> What is required
Write out again, word for word, the lines below from the line that holds "are awarded in" through the line that holds "UPLAB HAPPY TRAVEL", omitting pictures.

Source data

==========

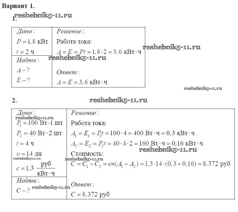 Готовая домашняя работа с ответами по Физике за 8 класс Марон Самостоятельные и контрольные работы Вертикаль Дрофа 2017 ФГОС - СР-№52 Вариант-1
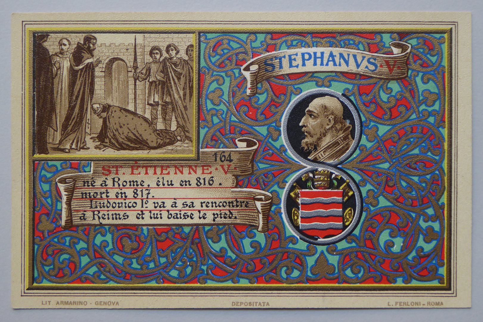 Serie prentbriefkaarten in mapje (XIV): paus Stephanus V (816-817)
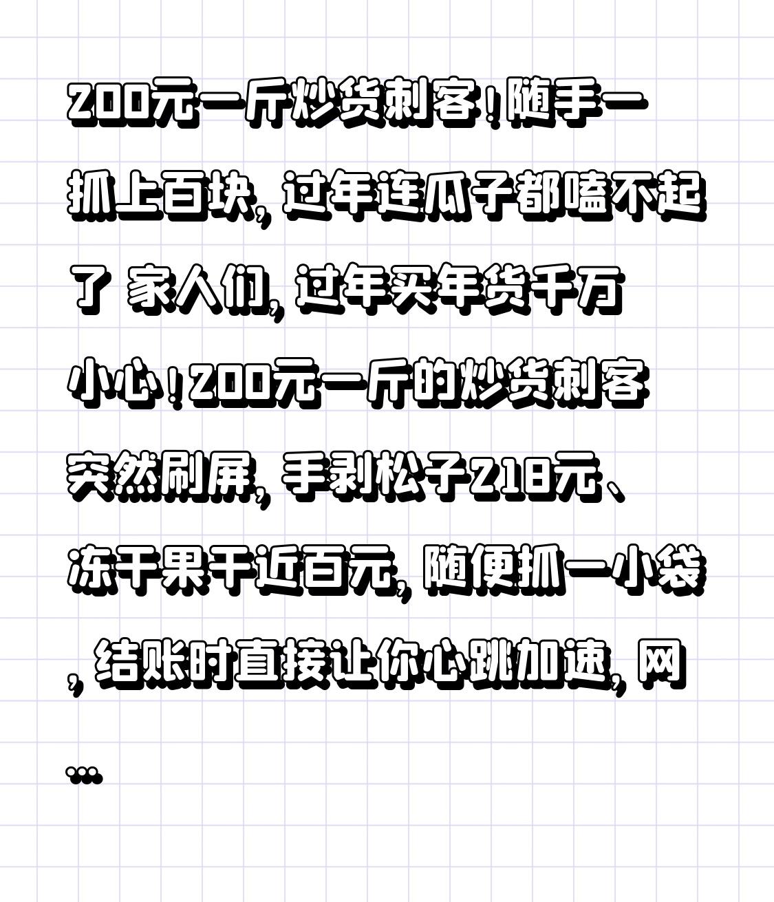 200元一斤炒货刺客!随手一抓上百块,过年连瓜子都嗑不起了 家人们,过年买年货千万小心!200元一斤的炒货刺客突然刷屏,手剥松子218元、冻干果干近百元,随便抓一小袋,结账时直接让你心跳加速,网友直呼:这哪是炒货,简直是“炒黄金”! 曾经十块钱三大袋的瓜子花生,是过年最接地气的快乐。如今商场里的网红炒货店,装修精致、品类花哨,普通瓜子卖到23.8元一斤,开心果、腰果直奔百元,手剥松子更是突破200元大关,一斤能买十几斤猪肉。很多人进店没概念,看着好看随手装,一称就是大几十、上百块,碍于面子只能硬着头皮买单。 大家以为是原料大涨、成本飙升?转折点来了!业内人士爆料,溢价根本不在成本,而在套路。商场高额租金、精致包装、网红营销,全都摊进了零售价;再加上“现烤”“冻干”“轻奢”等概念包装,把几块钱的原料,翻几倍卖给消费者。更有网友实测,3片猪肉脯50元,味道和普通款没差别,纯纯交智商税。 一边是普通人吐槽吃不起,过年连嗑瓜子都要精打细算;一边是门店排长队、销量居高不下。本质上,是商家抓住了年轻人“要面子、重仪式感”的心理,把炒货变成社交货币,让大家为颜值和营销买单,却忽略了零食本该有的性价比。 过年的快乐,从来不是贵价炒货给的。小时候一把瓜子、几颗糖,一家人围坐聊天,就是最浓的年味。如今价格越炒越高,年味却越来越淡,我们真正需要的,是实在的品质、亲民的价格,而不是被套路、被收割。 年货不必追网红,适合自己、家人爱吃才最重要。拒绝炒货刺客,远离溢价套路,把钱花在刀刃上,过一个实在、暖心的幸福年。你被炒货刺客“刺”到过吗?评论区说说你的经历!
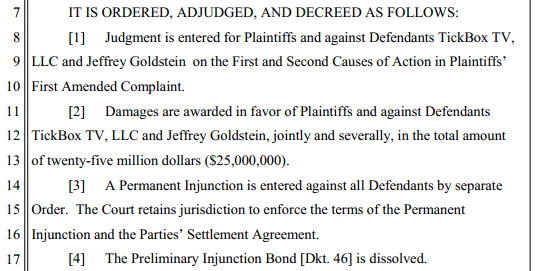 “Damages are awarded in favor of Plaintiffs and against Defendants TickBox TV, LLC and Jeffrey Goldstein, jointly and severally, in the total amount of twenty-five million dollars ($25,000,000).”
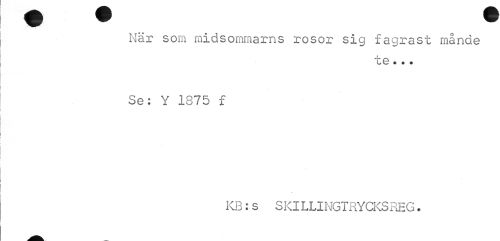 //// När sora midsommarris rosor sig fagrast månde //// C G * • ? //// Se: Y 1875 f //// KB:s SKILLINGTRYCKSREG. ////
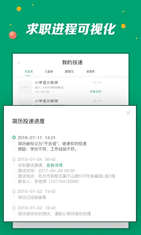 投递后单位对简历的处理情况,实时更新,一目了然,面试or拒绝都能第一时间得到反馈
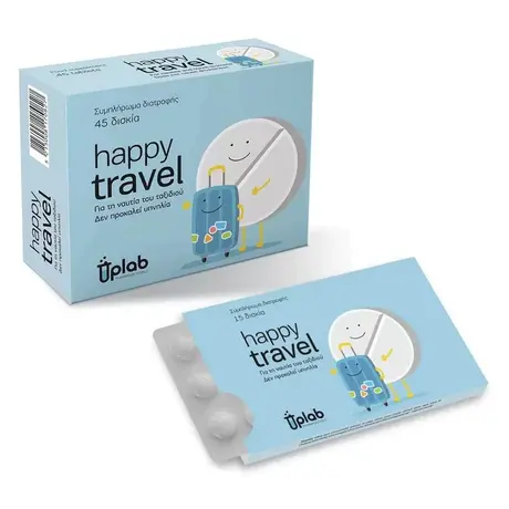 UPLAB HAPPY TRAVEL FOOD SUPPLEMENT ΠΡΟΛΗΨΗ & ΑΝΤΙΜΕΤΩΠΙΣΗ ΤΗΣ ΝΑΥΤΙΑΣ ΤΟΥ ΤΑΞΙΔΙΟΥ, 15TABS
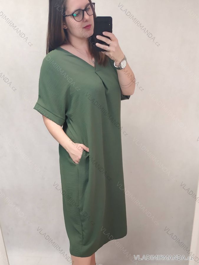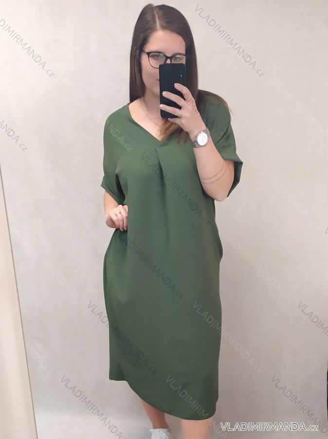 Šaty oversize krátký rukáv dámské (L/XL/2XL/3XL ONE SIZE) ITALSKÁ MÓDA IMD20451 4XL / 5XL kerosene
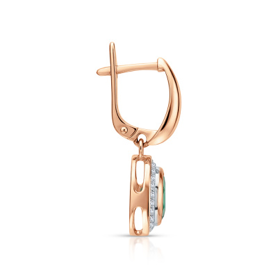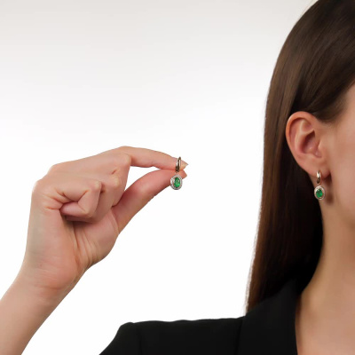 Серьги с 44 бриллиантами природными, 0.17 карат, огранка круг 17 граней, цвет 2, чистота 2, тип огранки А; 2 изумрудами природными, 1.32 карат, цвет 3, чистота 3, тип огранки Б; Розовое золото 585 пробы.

==========

> Answer box
 “Damages are awarded in favor of Plaintiffs and against Defendants TickBox TV, LLC and Jeffrey Goldstein, jointly and severally, in the total amount of twenty-five million dollars ($25,000,000).”
 //// När sora midsommarris rosor sig fagrast månde //// C G * • ? //// Se: Y 1875 f //// KB:s SKILLINGTRYCKSREG. ////
 投递后单位对简历的处理情况,实时更新,一目了然,面试or拒绝都能第一时间得到反馈
 UPLAB HAPPY TRAVEL FOOD SUPPLEMENT ΠΡΟΛΗΨΗ & ΑΝΤΙΜΕΤΩΠΙΣΗ ΤΗΣ ΝΑΥΤΙΑΣ ΤΟΥ ΤΑΞΙΔΙΟΥ, 15TABS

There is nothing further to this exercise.